Your task is to write out the entire listing exactly, omitting its pictures.

Supplied material »
================
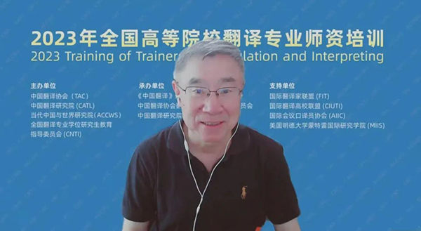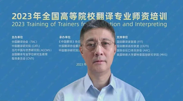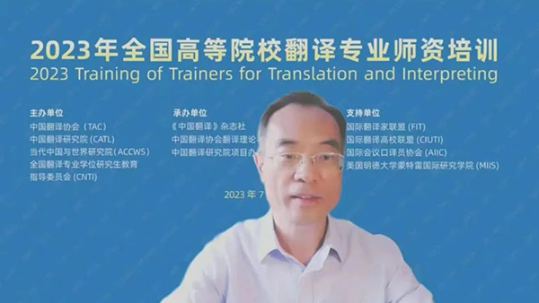 7月15日,由中國外文局所屬中國翻譯協會、中國翻譯研究院、當代中國與世界研究院和全國翻譯專業學位研究生教育指導委員會聯合主辦,《中國翻譯》雜志社、中國譯協翻譯理論與翻譯教學委員會、中國翻譯研究院項目辦公室聯合承辦的2023年全國高等院校翻譯專業師資培訓在線上開幕。中國外文局副局長兼總編輯、中國翻譯協會常務副會長兼秘書長高岸明,中國翻譯協會常務副會長、中國翻譯研究院副院長、全國翻譯專業學位研究生教育指導委員會學術委員會主任黃友義,全國翻譯專業學位研究生教育指導委員會副主任委員、廣東外語外貿大學高級翻譯學院教授趙軍峰等出席開幕式。
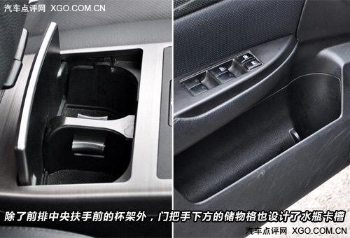 前排空間中,除了當把后面的兩個杯架以外,門把手下方的儲物格也特別設計了放置水瓶的卡槽,可以將水瓶穩固的放置其中,中央扶手的儲物格分上下兩層,上層稍淺,可放小物件,下層略深則可以容納更多的物品。
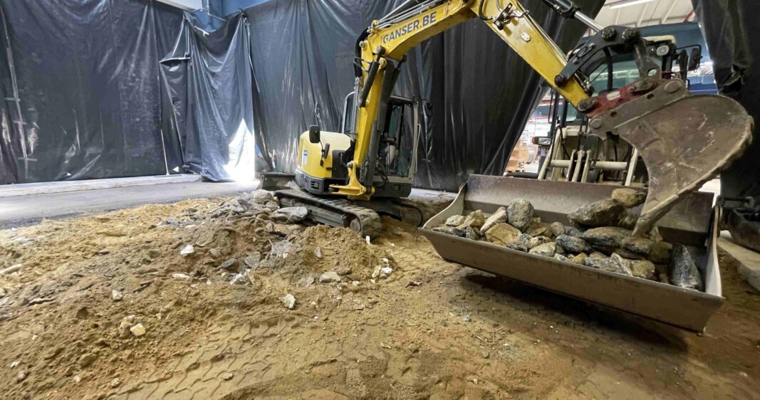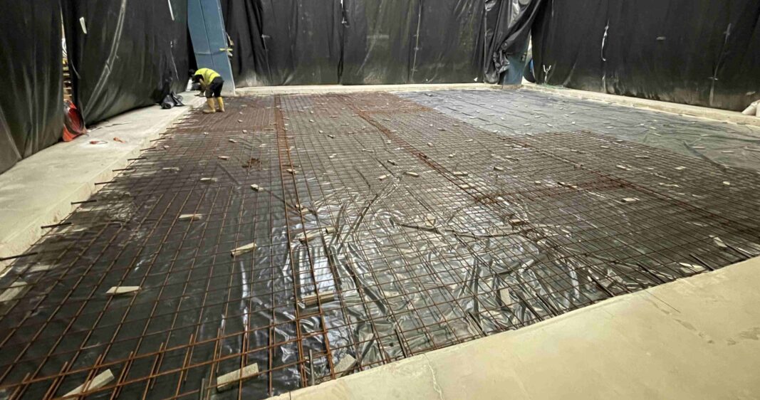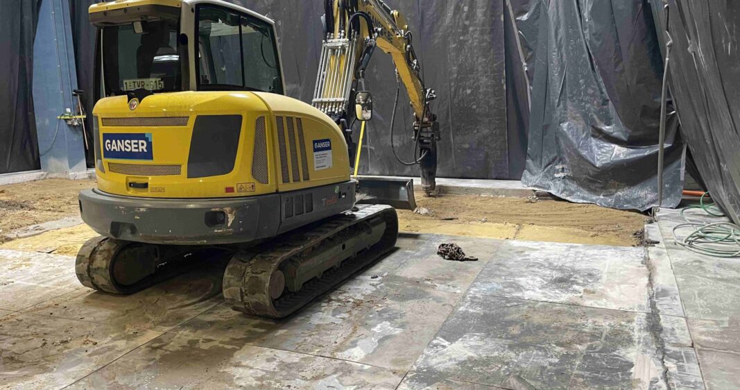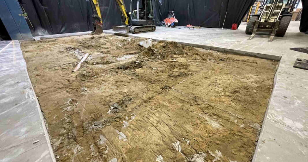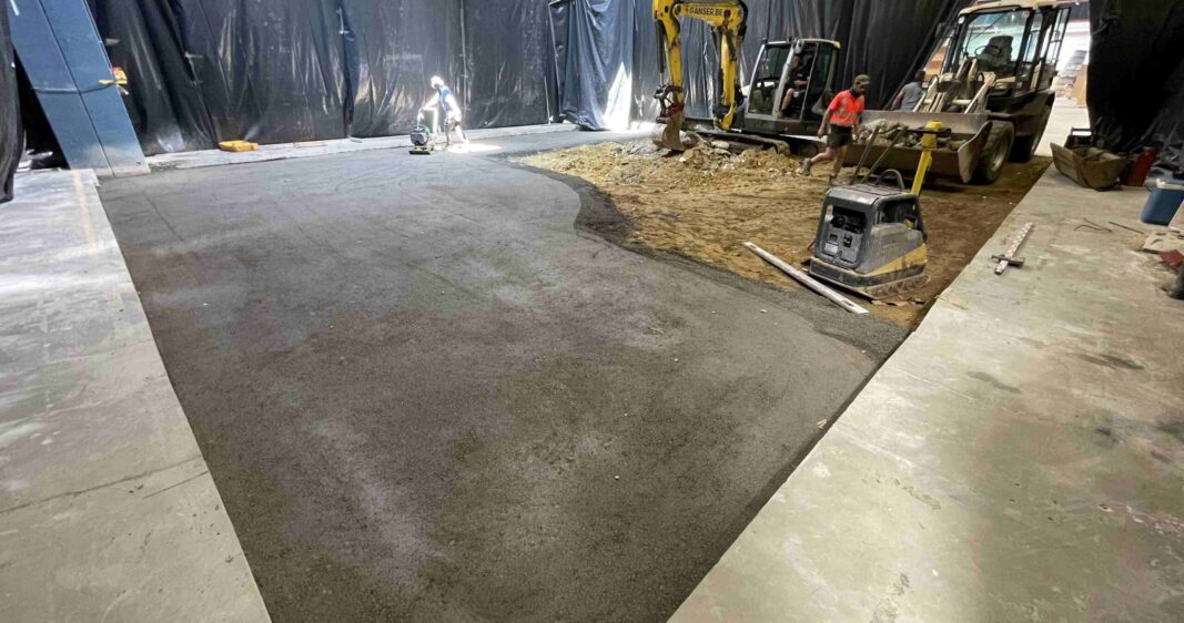 Les fondations ont été partiellement démolies, puis un nouveau sol en béton a été coulé et poli, assurant une surface plane et fonctionnelle.
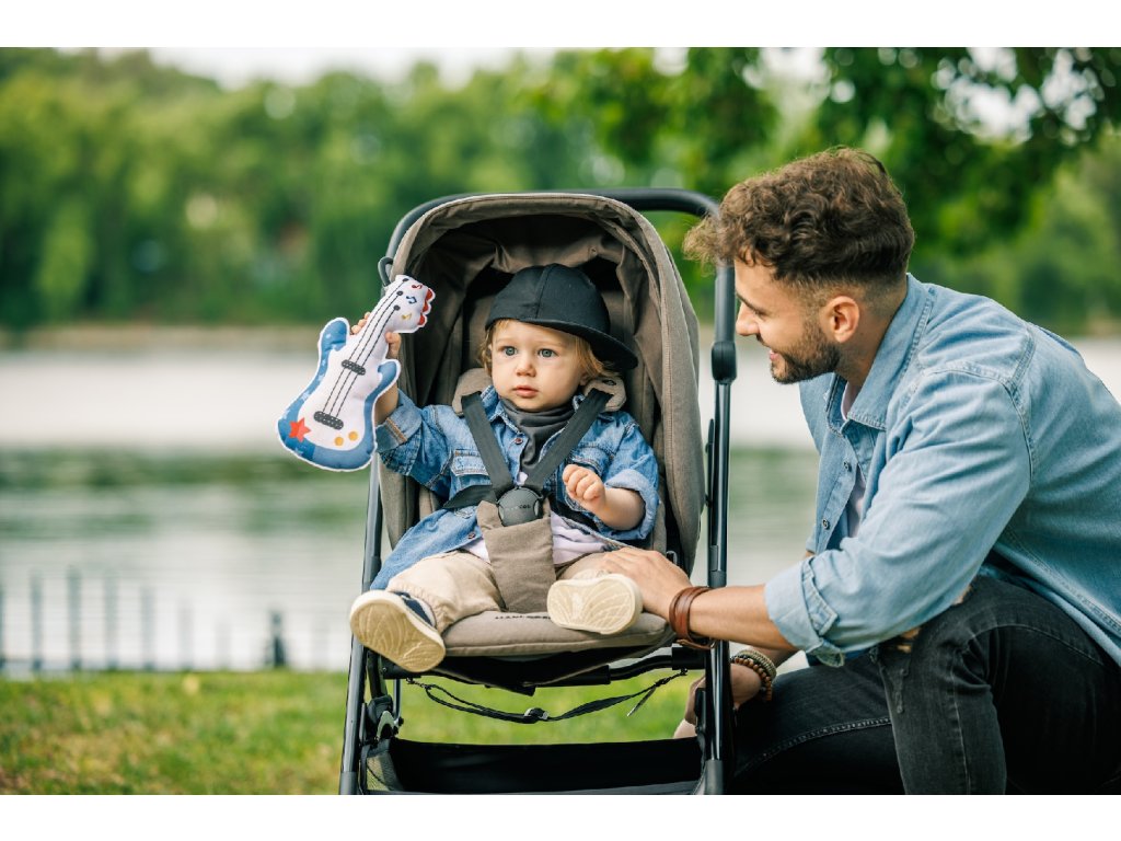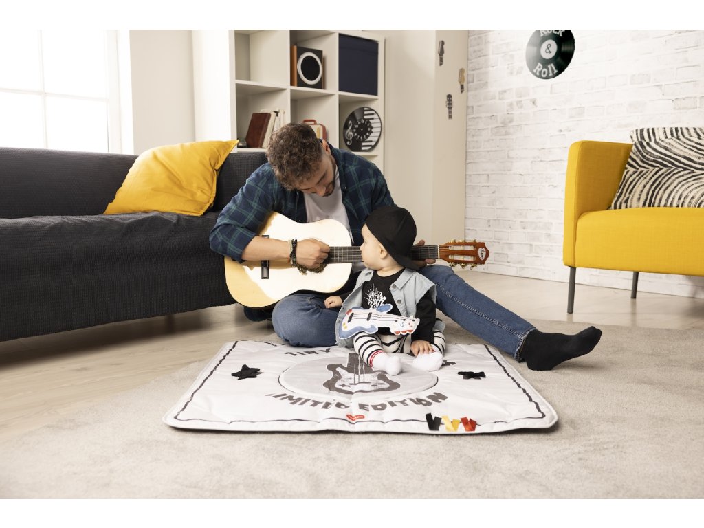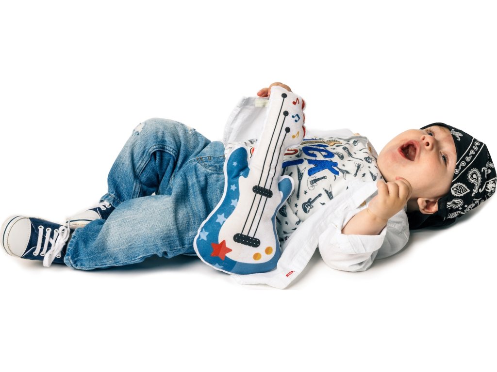 První kytara pro vašeho malého rockera či rockerku je vyrobena z měkkého textilního materiálu a po zmáčknutí přehrává 7 různých rockových melodií a zvuků. Díky plastovému kroužku je možné ji zavěsit na autosedačku či kočárek, aby mohla vaše dítě zabavit i na cestách. Kytara je ideální i pro hraní na bříšku.
================
Task output »
 7月15日,由中國外文局所屬中國翻譯協會、中國翻譯研究院、當代中國與世界研究院和全國翻譯專業學位研究生教育指導委員會聯合主辦,《中國翻譯》雜志社、中國譯協翻譯理論與翻譯教學委員會、中國翻譯研究院項目辦公室聯合承辦的2023年全國高等院校翻譯專業師資培訓在線上開幕。中國外文局副局長兼總編輯、中國翻譯協會常務副會長兼秘書長高岸明,中國翻譯協會常務副會長、中國翻譯研究院副院長、全國翻譯專業學位研究生教育指導委員會學術委員會主任黃友義,全國翻譯專業學位研究生教育指導委員會副主任委員、廣東外語外貿大學高級翻譯學院教授趙軍峰等出席開幕式。
 前排空間中,除了當把后面的兩個杯架以外,門把手下方的儲物格也特別設計了放置水瓶的卡槽,可以將水瓶穩固的放置其中,中央扶手的儲物格分上下兩層,上層稍淺,可放小物件,下層略深則可以容納更多的物品。
 Les fondations ont été partiellement démolies, puis un nouveau sol en béton a été coulé et poli, assurant une surface plane et fonctionnelle.
 První kytara pro vašeho malého rockera či rockerku je vyrobena z měkkého textilního materiálu a po zmáčknutí přehrává 7 různých rockových melodií a zvuků. Díky plastovému kroužku je možné ji zavěsit na autosedačku či kočárek, aby mohla vaše dítě zabavit i na cestách. Kytara je ideální i pro hraní na bříšku.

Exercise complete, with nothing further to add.